INSTRUCTIONS FOR THE TASK >> Go to the line holding "Dit concept voegt" in the data below and repeat it exactly, then each line after it up to and including the one holding "Crave Faith Too". Omit pictures.

THE DATA >>
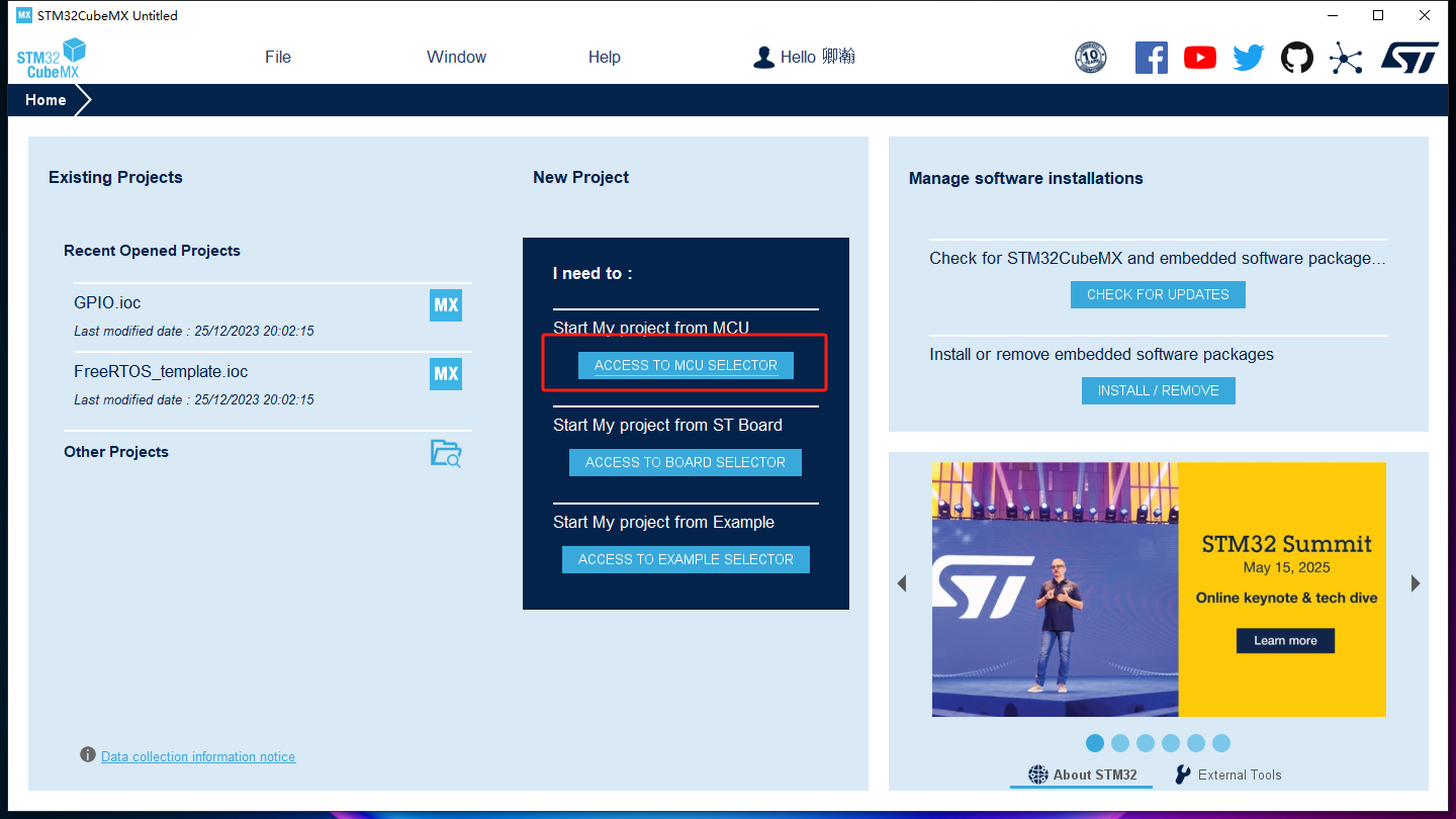 选择MCU型号, 这里选择FryPi炸鸡派STM32开发板所使用的
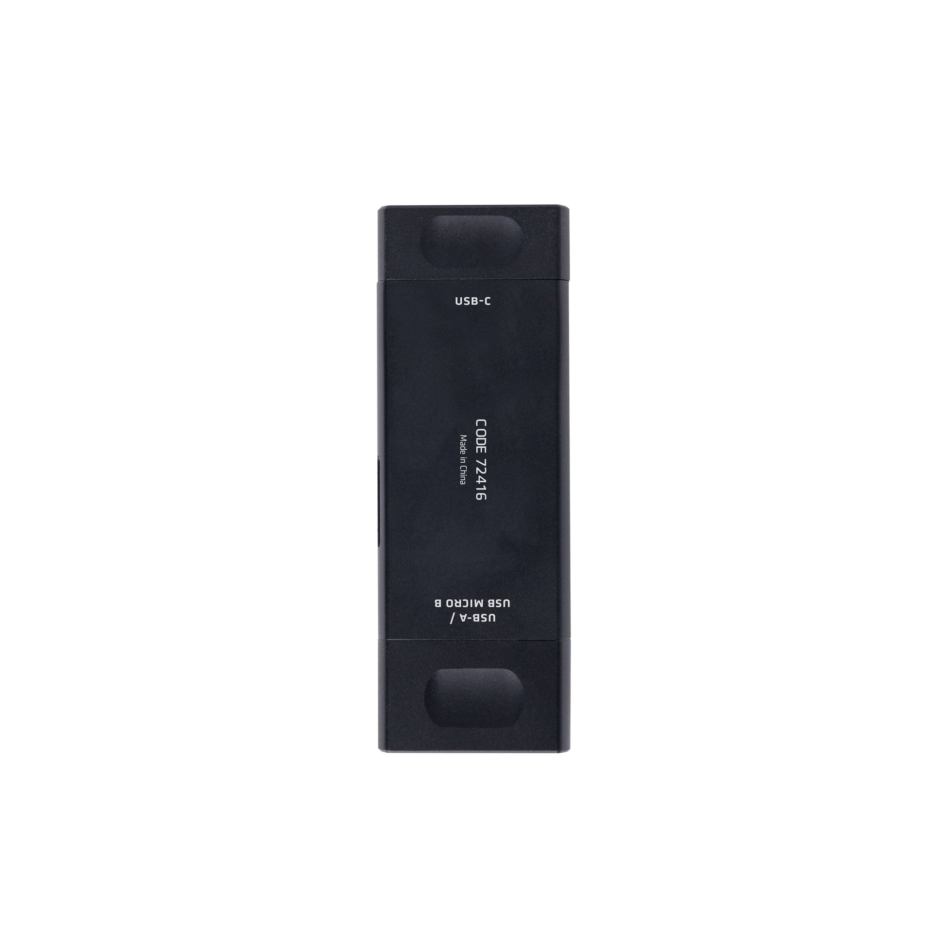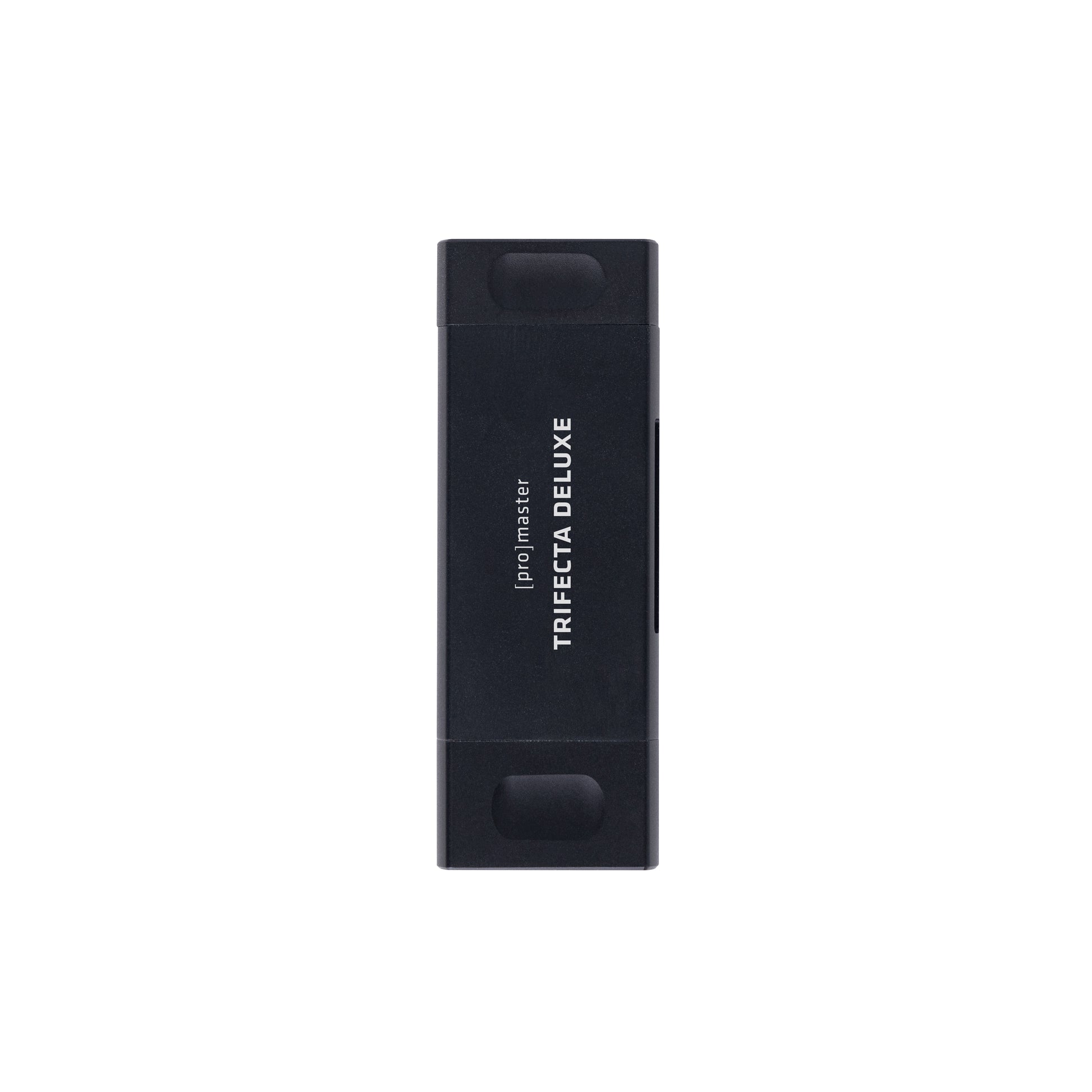 The ProMaster Trifecta Deluxe Card Reader has three types of connections (USB-C, USB-A and USB Micro-B) along with iOS and Android OTG (on-the-go) compatibility for broad connectivity with your computer, tablet, and phone. Its dual slots accept SD and MicroSD cards, and the Trifecta can access them simultaneously as independent drives to allow for easy file transfer and copying. The reader’s UHS-II capability allows for ultra-fast transfer speeds of up to 300MB/s. (UHS-I cards work at UHS-I speeds.) With all this functionality, the Trifecta is less than 3” long and weighs under an ounce, so it’s easy to keep on hand for whenever you need it.
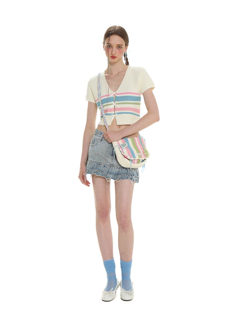 Stripe Hand Crochet Knitted Bag【s0000008662】
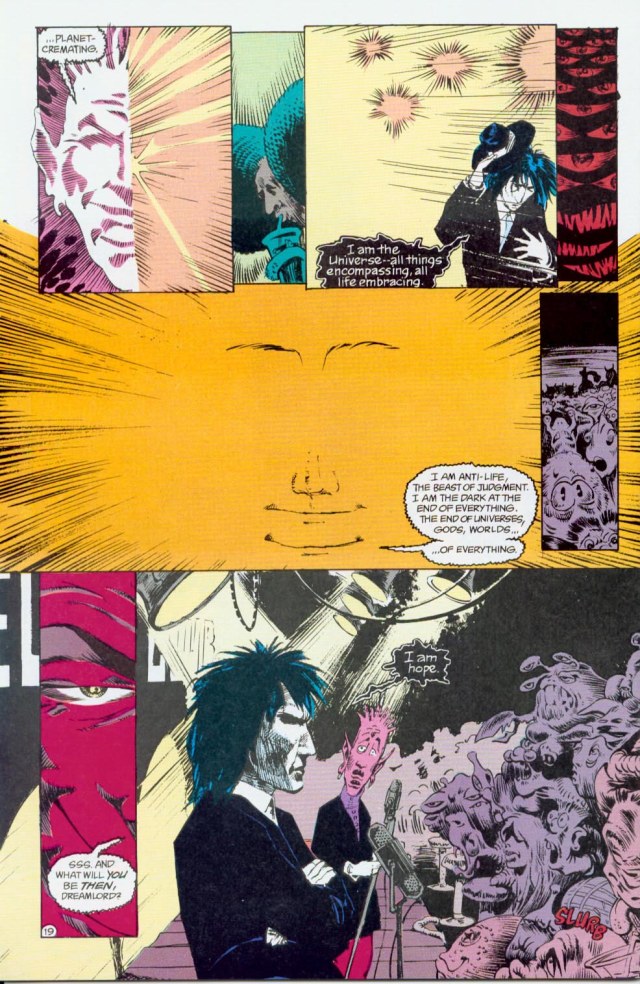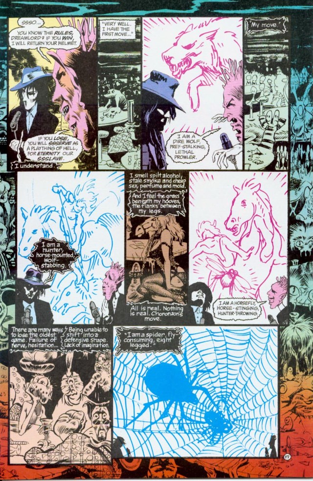 Dit concept voegt enorm veel toe aan de reeks. Het geeft Gaiman een kapstok waaraan hij gelijk welke menselijke tragedie die hij wil behandelen kan ophangen. En dat is ook steeds zijn doel geweest: entertainende verhalen schrijven over de menselijke psyche. Gaiman gebruikt fantasy en horror om het te hebben over trauma’s, emoties, frustraties, kleine verdrietjes en ander menselijks. Gaiman schrijft niet enkel voor maar over ons. En dat is de grote kracht van de reeks geweest.
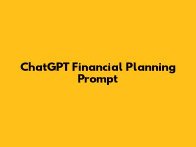 ChatGPT Financial Planning: Prompts For Success
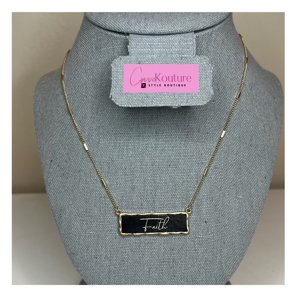 Crave Faith Too Necklace comes gold and black. Necklace measures 28 inches long.
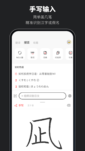 百万日语学习者、爱好者相亲相聚的家!假名、中日英、罗马音、活用、词组等自动识别,一键即搜;多达12种测试题型,自由配置,对生词狂轰乱炸;多家日语网站一键辅助搜索;自创单词,打造专属词库。<br><br>『交流をより自然に』 - MOJi辞書(じしょ)。目前已收录10万离线高频详解词条(离线词库定期更新)和百万云端词条,另附多家权威在线词典直达搜索服务。MOJi辞書将深刻围绕「体验」进行持续改进,これからも、よろしくお願いしますー<br><br>特色简介:<br>根据用户输入的内容(中日、假名、罗马拼音以及英文),自动快速检索词条并提供云端高精度预测结果;<br>采用单手操作设计,OneTap单击词条悬浮解释;<br>内置多家权威日语在线直达搜索服务:日+中日+英日全面应对;<br>高自由度收藏分类管理生词;<br>文法自动分析与管理;<br>全内容假名、罗马音注音服务;<br>文本翻译服务;<br>无需网络,内置离线详解词库;<br>定制每日单词推送,可选择不同词库(如 能力考N1词库),进行定点定量推送;<br>支持单词卡片导出,制作专属单词卡片;<br>高自由度测试练习,支持12种题型,支持艾宾浩斯遗忘曲线复习<br>每日全网络搜索热词一览,增加「不经意学习」机率;<br>自己创建单词例句,制作专属词库;<br>支持单词列表云端共享和下载;<br>一键查看动词活用一览;<br>收藏列表音频播放器;<br>长短句即刻翻译,一键发音!<br>日语新闻一键翻译,小白也能看日语生肉;<br><br>...持续进化,常用常新...<br><br>前方路漫漫,愿与大家携手并进,记得常联系:<br>通过App > 我的 > 联系我们<br>官网:https://mojidict.com?f=p12<br>邮箱:mojisho.support@mail.shareintelli.com<br>微信公众号:MOJi辞書<br>Twitter:MOJI_SERIES<br>微博:http://weibo.com/mojidic
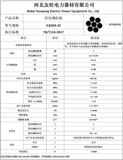 产品执行标准:YB/T124-2017《铝包钢钢绞线》;

ANSWER SECTION >>
 Dit concept voegt enorm veel toe aan de reeks. Het geeft Gaiman een kapstok waaraan hij gelijk welke menselijke tragedie die hij wil behandelen kan ophangen. En dat is ook steeds zijn doel geweest: entertainende verhalen schrijven over de menselijke psyche. Gaiman gebruikt fantasy en horror om het te hebben over trauma’s, emoties, frustraties, kleine verdrietjes en ander menselijks. Gaiman schrijft niet enkel voor maar over ons. En dat is de grote kracht van de reeks geweest.
 ChatGPT Financial Planning: Prompts For Success
 Crave Faith Too Necklace comes gold and black. Necklace measures 28 inches long.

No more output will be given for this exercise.